Bach Flower Research programme  | UK |   |   

A randomised, double-blind, placebo-controlled trial of a Bach Flower Remedy

N C Armstrong BSc Dphil
E Ernst MD PhD FRCP (Edin)

Exeter University Department of Complementary Medicine

This was a study to test the efficacy of ‘Five Flower Remedy’, also known as ‘Rescue Remedy’, for examination anxiety in healthy university students.

Participants were asked to take 1 to 4 doses of placebo or verum prior to exams. Various methods were used to measure anxiety through the 7 day trial period.

The trial report concluded that there were no specific effects in treating anxiety under these conditions.

In publishing the results the following was noted:
• Although 100 students were recruited only 45% completed the study.
• ‘On day 3 participants taking the active (verum) remedy reported significantly less anxiety on the ‘VAS’ scale than those in the placebo group.’
• ‘No other statistically significant effects were observed over the study period.’
• No explanation was given for the decision to set a 7 day period for the trial.

A clinical trial which has a group of 45 people is not reliable and yet the authors felt confident to assert that Bach flower remedies are not effective in relieving exam nerves.

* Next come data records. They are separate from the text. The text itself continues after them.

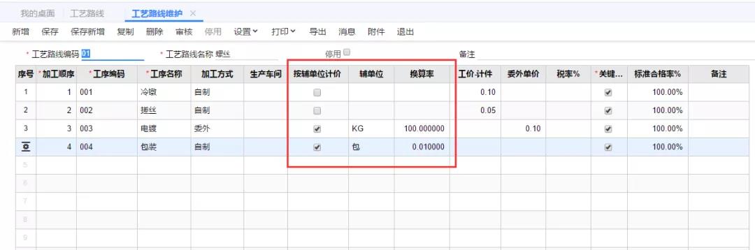 工艺路线:工艺路线增加辅计量。勾选按辅单位计价时,工价、委外价格均为辅计量的价格。
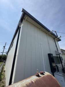 白い外壁にはサビや色褪せがみられ、進行してはおらずとも、目立ってしまっています。
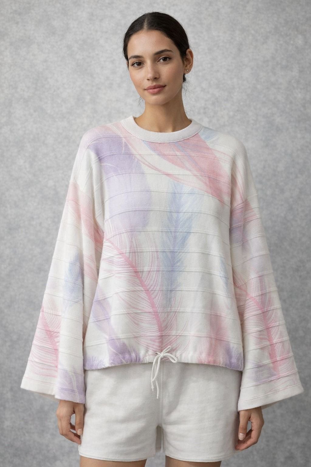 بلوفر مريح بطبعة سبليمشن ريشة بألوان باستيل ناعمة تضيف لمسات أنثوية أنيقة لإطلالتك اليومية. مصمم ليمنحك الراحة والأناقة في نفس الوقت، مما يجعله مثالياً للإطلالات الكاجوال العصرية.
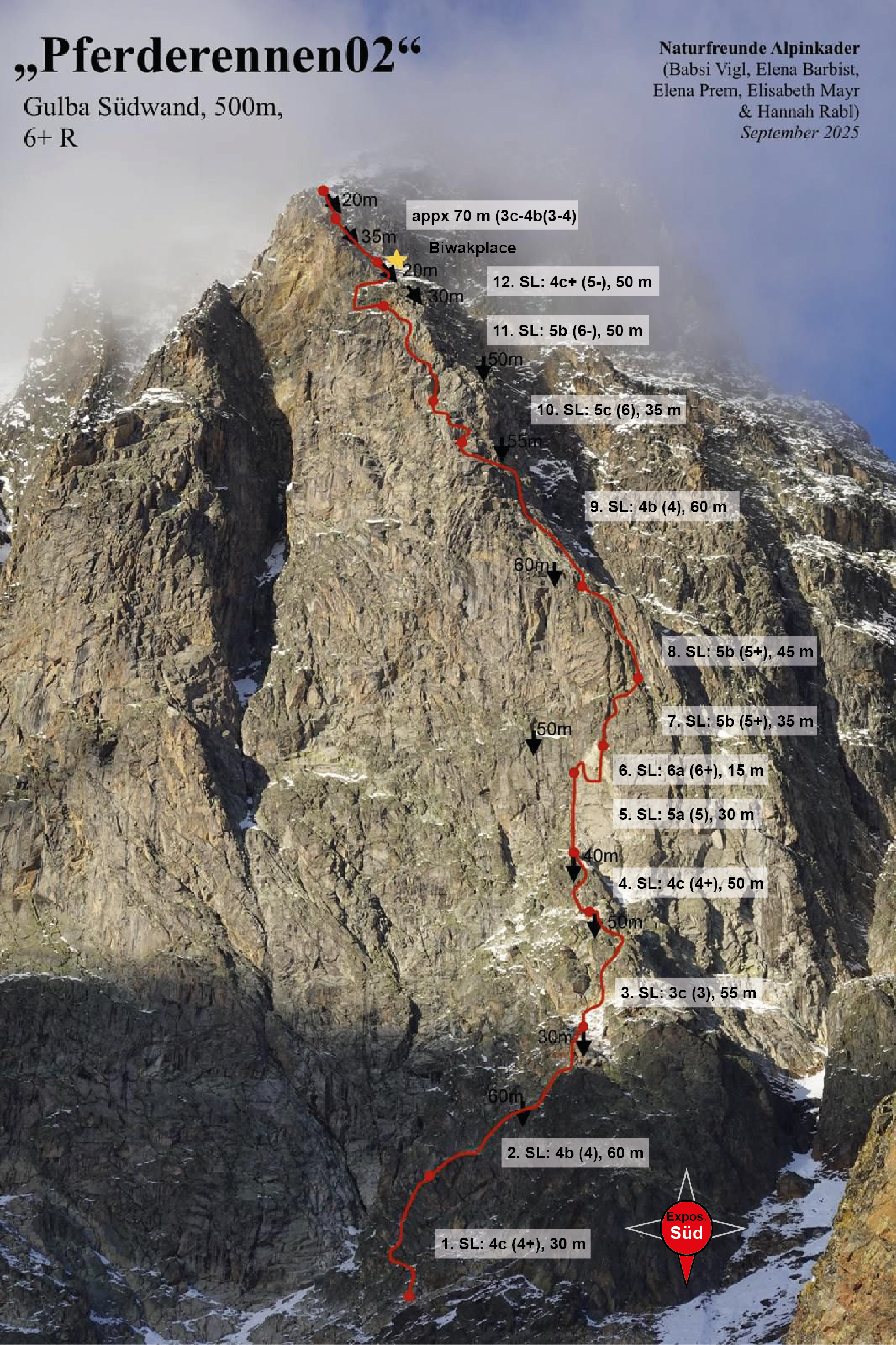 Abenteuerkletterei am Gulba. Eine Erstbegehung im Rahmen der Abschlussexpedition des Naturfreunde Alpinkaders 2025.

The authors stated that ‘this is the most rigorous test of BFRs published so far’ while at the same time saying that ‘the present study failed in a major way’ (in that the sample was so small).

The reported reduction in anxiety on day 3 was simply overlooked or ignored on the grounds that ‘this may simply be the result of multiple comparisons’ and ‘we have no a priori expectation for this finding’.

Surely, we have to ask ourselves whether people experience a benefit from taking a flower essence on day 1, day 3, day 7.